С каждым мгновением, в течение этого разговора, Литвинову становилось все более и более неловко. Его гордость, его честная, плебейская гордость так и возмущалась. Что было общего между ним, сыном мелкого чиновника, и этими военными петербургскими аристократами? Он любил все, что они ненавидели, он ненавидел все то, что они любили; он слишком ясно это сознавал, он всем существом своим это чувствовал. Шутки их он находил плоскими, тон невыносимым, каждое движение ложным; в самой мягкости их речей ему слышалось возмутительное презрение — и однако же он как будто робел перед ними, перед этими людьми, этими врагами… «Фу, какая гадость! Я их стесняю, я им кажусь смешным, вертелось у него в голове, — зачем же я остаюсь? Уйдем, уйдем тотчас!» Присутствие Ирины не могло удержать его: невеселые ощущения возбуждала в нем и она. Он поднялся со стула и начал прощаться.
— Вы уже уходите? — промолвила Ирина, но, подумав немного, не стала настаивать и только взяла с него слово, что он непременно посетит ее. Генерал Ратмиров с прежнею утонченною вежливостью раскланялся с ним, пожал ему руку, довел его до конца платформы… Но едва Литвинов успел завернуть за первый угол дороги, как дружный взрыв хохота раздался за ним. Хохот этот относился не к нему, а к давно ожиданному мсье Вердие, который внезапно появился на платформе, в тирольской шляпе, синей блузе и верхом на осле; но кровь так и хлынула Литвинову в щеки, и горько стало ему: словно полынь склеила его стиснутые губы. «Презренные, пошлые люди!» — пробормотал он, не соображая того, что несколько мгновений, проведенных в обществе этих людей, еще не давали ему повода так жестоко выражаться.
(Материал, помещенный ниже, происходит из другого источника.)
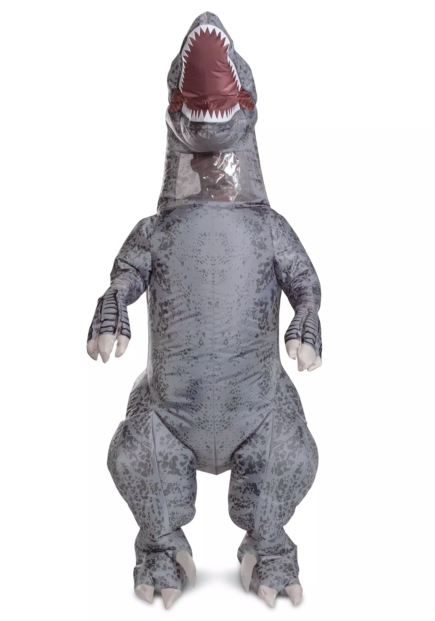 Humans and dinos, watch out! This officially licensed Jurassic World Blue Inflatable Costume for Adults is the predator to reckon with in this new world order. The one-piece costume is made of sturdy windbreaker fabric that covers you from head to toe. When fully inflated, it resembles a huge raptor with a long tail, silvery claws, and a fanged mouth open in a roar. The neck has a clear plastic panel through which you can see where you’re going. A fan is mounted behind the right hip.Â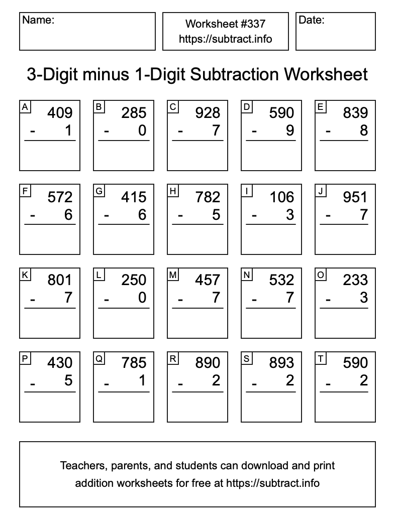 Here is the 3-Digit minus 1-Digit Subtraction Worksheet #337. Print and/or save the worksheet using the buttons below the image. You can also drag or right-click on the image to download it to your device.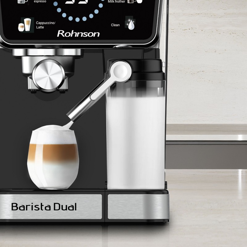 Ανακαλύψτε την απόλυτη εμπειρία καφέ με την Rohnson Barista Dual R-98082, την μηχανή espresso που φέρνει την τέχνη του barista στο χώρο σας – με ένα μόνο πάτημα.

И в этот-то мир попала Ирина, его бывшая Ирина! В нем она вращалась, жила, царствовала, для него она пожертвовала собственным достоинством, лучшими чувствами сердца…
Видно, так следовало; видно, она не заслуживала лучшей участи! Как он радовался тому, что ей не вздумалось расспрашивать его о его намерениях! Ему бы пришлось высказываться перед «ними», в «их» присутствии… «Ни за что! никогда!» — шептал Литвинов, глубоко вдыхая свежий воздух и чуть не бегом спускаясь по дороге в Баден. Он думал о своей невесте, о своей милой, доброй, святой Татьяне, и как чиста, благородна, как правдива казалась она ему! С каким неподдельным умилением припоминал он ее черты, ее слова, самые ее привычки… с каким нетерпением ожидал ее возвращения! Быстрая ходьба успокоила его нервы. Возвратясь домой, он уселся за стол, взял книгу в руки и внезапно ее выронил, даже вздрогнул… Что с ним случилось? Ничего не случилось с ним, но Ирина… Ирина…
Удивительным, странным, необычайным вдруг показалось ему его свидание с нею. Возможно ли? он встретился, говорил с тою самой Ириной… И почему на ней не лежит того противного, светского отпечатка, которым так резко отмечены все те другие? Почему ему сдается, что она как будто скучает, или грустит, или тяготится своим положением? Она в их стане, но она не враг. И что могло ее заставить так радушно обратиться к нему, звать его к себе? Литвинов встрепенулся.
— О Таня, Таня! — воскликнул он с увлечением, — ты одна мой ангел, мой добрый гений, тебя я одну люблю и век любить буду. А к той я не пойду. Бог с ней совсем! Пусть она забавляется с своими генералами! Литвинов снова взялся за книгу.